The last time I saw Aunt Betty was the Rustler Steakhouse. We took a corner booth; there weren’t any tables available. She watched me spear a final morsel of ribeye and swirl it in a pool of watery catsup, the red meat clinging to the fork tongs. Behind her a massive bison skull was leaning off the wall, looking down on both of us.
“So you’re smoking 100’s now,” I said. “What’s the doc have to say about that?”
“It extends the pleasure. Doc doesn’t agree. He wants me to outlast life.” She smiled. Her teeth were the color of decades-old formica, but I loved her anyway. I wasn’t going to try and talk her out of quitting anymore.

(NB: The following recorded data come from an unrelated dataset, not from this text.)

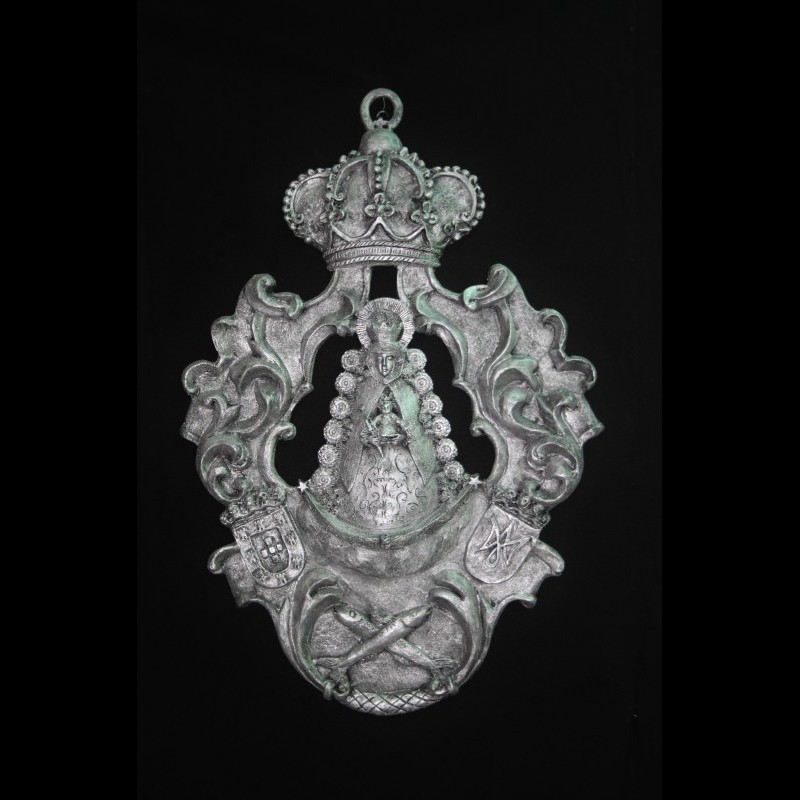 Fabricada en metal plateado, la imagen de la Virgen, en su caracterización de «Reina», está rodeada de hojas de acanto que surgen de la parte inferior de la medalla, donde dos peces en aspa sostienen el conjunto, que remata en su parte superior en una corona real.
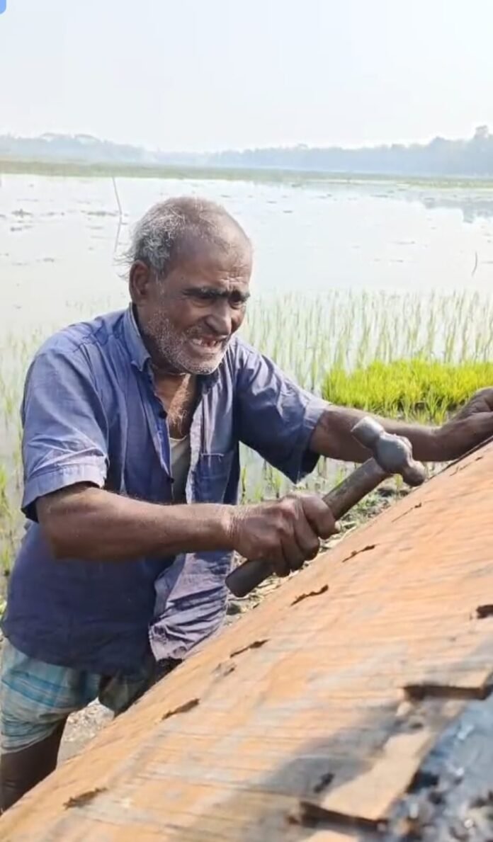 নিপুণ হাতে টুকটাক ঠুকঠাক করে নাও সারাইয়ের কাজ করে চলেছেন তিনি। পাশে আরেকটি নাও—উপোড় করা, আলকতরা মাখা—সেটিও তাঁর হাতেই সারাই হয়েছে। শুধু এখানেই নয়, আশপাশের ১০–২০ গ্রামেও ডাক পড়ে পরিমল সূত্রধরের নাও মেরামতির কাজে।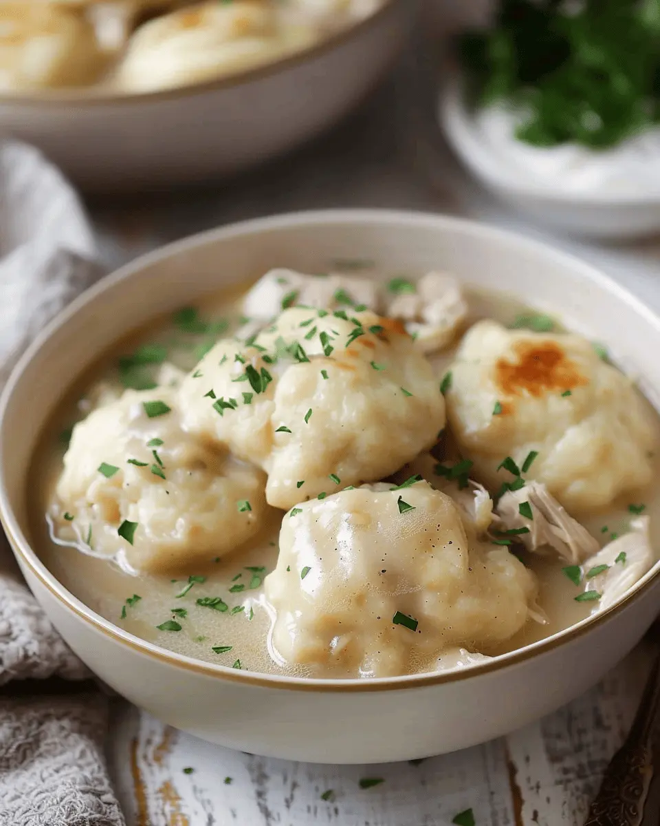 In the South, dumplings often take on a plush, velvety texture that perfectly complements savory, seasoned chicken. For a classic Southern-style experience:
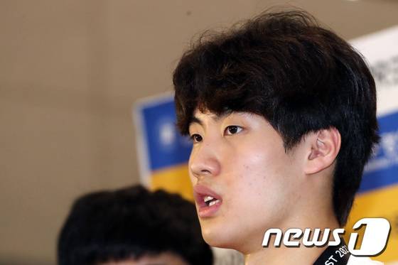 (인천공항=뉴스1) 이동해 기자 = 2022 국제수영연맹(FINA) 세계선수권대회 자유형 200m 은메달리스트 황선우가 27일 오후 인천국제공항 1터미널을 통해 귀국 후 인터뷰를 하고 있다. 2022.6.27/뉴스1

She’d invited me to dinner because I was graduating next month, and she wanted to give me advice. I was drifting. Didn’t know what I wanted. Prospects cloudy with a chance of rain. I thought she had brought me here to lecture me. I didn’t understand why she was so willing to let go of it all. It bugged me.
“Most people’s lives,” she said, “the bits worth remembering, would run the length of this cigarette. All the most important stuff don’t take long.”
She flicked open her Zippo. “You’re born, like this. All the good times are the deep drags, smooth in the lungs, settling there. The tragedies: coughs of flem, choking on the smoke; a live ash falls and burns your arm.”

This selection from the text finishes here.